Et si la méfiance était également le fait d’une inadéquation d’échelle ? Lorsque les flux financiers sont mondiaux, lorsqu’avec une épidémie comme celle du Coronavirus, nous prenons d’un coup conscience de notre interdépendance à l’échelle mondiale, lorsqu’avec un peu de recul, on accepte que les enjeux du siècle[5] ne peuvent se concevoir qu’à l’échelle planétaire, on est forcé de constater que l’échelle nationale semble inefficace pour réfléchir le monde de manière efficace.

Cette inadéquation d’échelle est d’ailleurs rendue criarde à partir des années 2010 avec l’avènement de l’ère des médias sociaux, qui semblaient dans un premier temps constituer le paroxysme de l’idéal universaliste de Tim Berners Lee lorsqu’il inventait le World Wide Web : rapprocher les gens et faire circuler librement l’information.

Cet idéal semble encore aujourd’hui nourrir les ambitions affichées des géants du numérique. La signature de Google l’énonce très clairement : « Notre objectif est d’organiser les informations à l’échelle mondiale pour les rendre accessibles et utiles à tous »[6]. En effet, à bien y réfléchir, Google, Facebook & co. sont tout simplement devenus les plus grands éditeurs au monde et cela impacte directement l’activité et les recettes des entreprises de presse. Fortes d’un très grand nombre d’utilisateurs dont les données leur ont fourni un avantage stratégique capable d’annihiler toute concurrence aussi sérieuse soit-t-elle, ces plateformes se sont imposées petit à petit en suscitant un engouement sans précédent presque partout dans le monde[7].

Les GAFAM ou le double étage

Comme nous l’abordions déjà avec précision dans un article-manifeste proposant une critique du flux inhérent à l’ensemble des plateformes sociales, les GAFAM, via leurs algorithmes et leurs choix stratégiques, décident aujourd’hui de l’information à diffuser, des sources à mettre en avant et des formats à privilégier.

Vous l’aurez compris, là où, à l’échelle nationale, une mainmise économique s’exerce au sein d’un certain nombre de rédactions pour préserver des réputations ou encore pour favoriser des intérêts particuliers, à l’échelle internationale en revanche, la mainmise sur l’espace public est régie par des algorithmes dont personne ne connaît réellement le fonctionnement.

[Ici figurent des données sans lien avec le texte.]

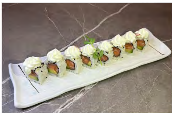
107. Uramaki philadelphia € 10,00 salmone,philadelphia,alga nori,sesamo, riso,avocado
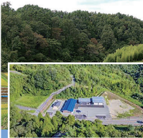
信州「アトム」拠点整備

災害防止・国土保全機能強化など、森林整備を促進するための安定財源を確保します。平成31年に創設しました。
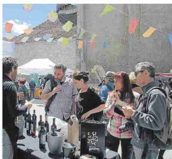
mercado celebrado en mayo en Hecho.

'La Almunia ¡Se rueda!' es el nombre de las jornadas que celebra este fin de semana la capital de Valdejalón. Mañana se realizará una recreación del rodaje de 'Nobleza Baturra', la famosa película rodada en varias localidades aragonesas por el director Florián Rey, nacido en La Almunia. Se espera la 'llegada' del propio cineasta a las 10.45 por la carretera de Madrid. La España de 1930 paseará por con personas vestidas de época y recreación de tiendas, entre multitud de actos. El domingo, a las 12.00, habrá una visita turística guiada por la Ruta del Cine y La Almunia.
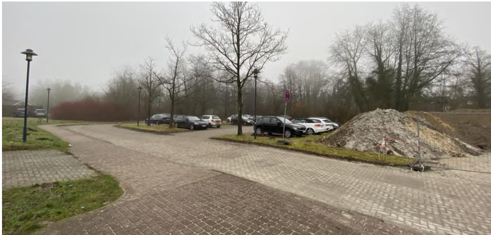
Abbildung 2: Nördlicher Teil der Stellplatzanlage in der Mühlenstraße

Das unmittelbare Standortumfeld ist von heterogenen Bebauungs- und Nutzungsstrukturen geprägt. Unmittelbar nördlich des Standorts grenzt Wohnbebauung in Form von Einzel- und Mehrfamilienhäusern an. Direkt östlich der Potenzialfläche verläuft die Böhme, welche in den gleichnamigen Böhme Familienpark eingebettet ist, der für die Innenstadt als Erholungs- und Naturraum fungiert, so dass hier Konflikte mit dem verkehrserzeugenden Getränkemarkt zu erwarten wären. Ein weiterer Nutzungskonflikt ergibt sich mit der westlich der Potenzialfläche verorteten Grundschule. In südlicher Richtung befindet sich zunächst das derzeit in Entwicklung befindliche Volksbank-Areal, ehe sich dann – getrennt durch die B 71 – der Haupteinkaufsbereich des ZVB Innenstadt Soltau anschließt.
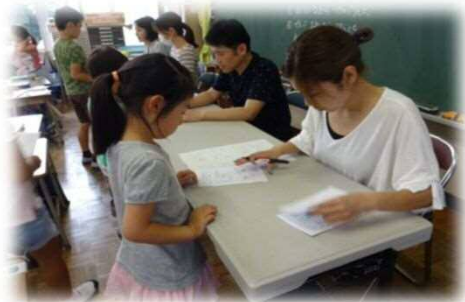
学び合い応援団が運営・募集する「丸付け先生」
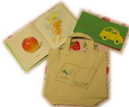
〔ブックスタートの絵本とバック〕
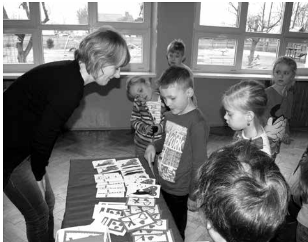
Sprzedaż kartek walentynkowych

VI przygotowali prezentacje multimedialne, które zaprezentowali w poszczególnych klasach, przeprowadzając pogadanki na temat bezpieczeństwa w Internecie oraz zasad, którymi należy się kierować podczas surfowania w sieci. Wyjaśnili też młodszym koleżankom i kolegom, gdzie można uzyskać pomoc w razie niebezpieczeństwa. Uczniowie dowiedzieli się, w jaki sposób każdy internauta może przyczynić się do tego, by Internet stał się miejscem bezpiecznym i pozytywnym. Podkreślono również, że każdy z nas ponosi odpowiedzialność za to, co robi w sieci i w jaki sposób z niej korzysta. Ponadto dzieci z klas II-VI wykonały efektowne prace plastyczne, które zostały umieszczone na gazetce.
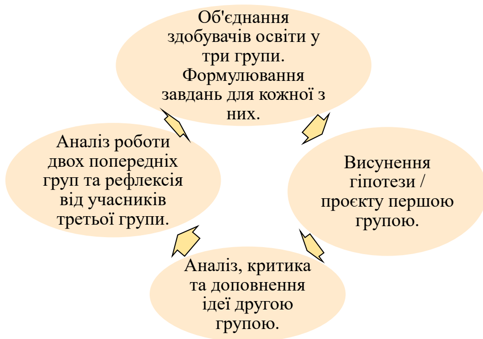
Рис. 3.1. Схема позиційної дискусії

мовної діяльності для пошуку ефективного розв'язання певної проблеми» [49, с. 78]. Наша ж увага спрямована на використання саме позиційної (в різних джерелах – рефлексивної) дискусії, що є рідше згадуваною в педагогічній практиці. Метод позиційної дискусії у порівнянні з іншими дозволяє залучити більшу кількість учасників для аналізу твору, дозволяє учнівству розвивати творче, логічне, критичне мислення та є способом «розвитку інноваційної поведінки» [46, с. 286]. Загальнопозиційна дискусія має ті ж завдання та вплив на роботу аудиторії, однак відрізняється процедурою проведення. Найголовнішою відмінністю є обов'язковий поділ класу на три групи, що мають різні завдання. Так, перша група є ініціатором гіпотези (пропонує проект вирішення проблеми), друга група (критики) має на меті осмислення та аналіз запропонованої ідеї та внесення своїх корективів, третя група – аналізує ідею та корективи до неї, формує висновки та рефлексію щодо роботи груп. Важливим є те, що склад груп після перебігу роботи груп можна (та варто) змінити, тоді ті, хто мав на меті критичне осмислення гіпотези, тепер мають створити свою і т.д. Отже, схема позиційної дискусії виглядатиме так (див. Рис. 3.1.):

Au premier étage, on assiste à des phénomènes assez classiques de pressions ou d’autocensure. Au deuxième étage, les ambitions sont bien différentes : il s’agit de classifier, d’organiser, et de donner à voir. Au premier étage, l’audience est limitée à la fois par le cadre national et par l’ancrage idéologique des médias. Au deuxième étage, l’audience est potentiellement planétaire malgré l’éventuelle barrière de la langue et l’existence de stratégies nationales menées par les GAFA.

Au premier étage les enjeux économiques sont forts. Au deuxième étage ils le sont d’autant plus, car nous constatons une certaine dépendance entre l’économie classique et l’économie numérique qui vient la surplomber.

Par ce jeu d’interférences et d’intermédiation, le double étage semble en effet fortement interpénétrer le premier et y exercer une forte domination. Comment ?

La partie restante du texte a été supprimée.